Never never let your gun
pointed be at anyone.
I ought to move it. Even Father would want me to move it, I argue with myself, but when I glance at him he’s very still. He won’t even know. I stand up with the puppy in my arms and tiptoe towards the gun. I tiptoe in a careful circle until I am behind it. Then I put the puppy down on the grass.
‘Keep still!’ I tell him. ‘Guns are dangerous.’
I kneel down in the grass and slide my hands underneath the butt of the gun, making sure it is pointing away from me. There is the trigger. That is where the shot comes out. Very gently, very quietly, I lift it. After all I’m only going to turn it round so that it is pointing into the hedge. I’m not doing anything bad. It is very heavy. I can’t hold it at all the way Father does.
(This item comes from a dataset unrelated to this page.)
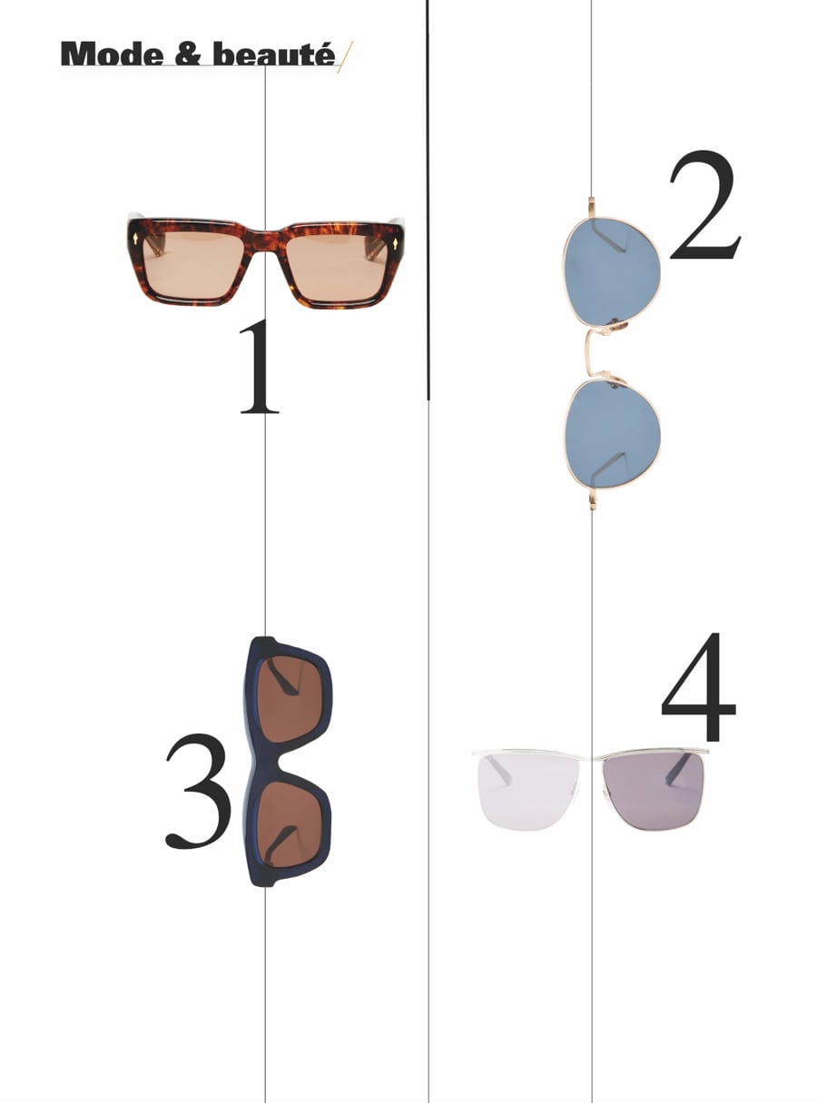 1. Lunettes de soleil, Jacques Marie Mage (627 euros) 2. Lunettes de soleil rondes en titane, Matsuda (648 euros) 3. Lunettes de soleil carrées, Kuboraum (315 euros) 4. Lunettes de soleil, Gucci (350 euros)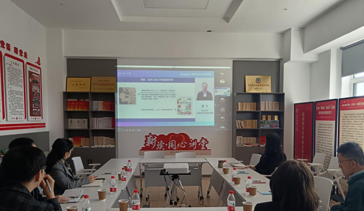 活动邀请浙江大学人工智能研究所所长吴飞教授作题为 “DeepSeek:迈向全社会分享的普遍智能” 线上辅导报告。报告中,吴飞深入浅出地介绍了 DeepSeek 这一前沿人工智能技术的发展现状、核心技术原理以及其在全社会实现普遍智能分享的愿景和路径。我校党外知识分子和统战干部们认真聆听报告,并对报告中提出的新观点和新理念进行深入思考。

I brace myself and lift the weight of the gun on to my shoulder.
But my back is to the hedge. The gun is pointing not at the hedge, but at Father. I shift it. It is slipping on my shoulder, hurting me. I’m afraid I’m going to drop it. The puppy wriggles round my feet.
‘Cathy!’
It’s the breath of a voice, no more. I’ve been too busy trying to control the gun to notice Father. But he’s up, uncoiled on his hands and knees staring at me and the gun which is pointing straight at him. I’m going to swing it round, only it’s so heavy. Father’s face is white, streaked with mud.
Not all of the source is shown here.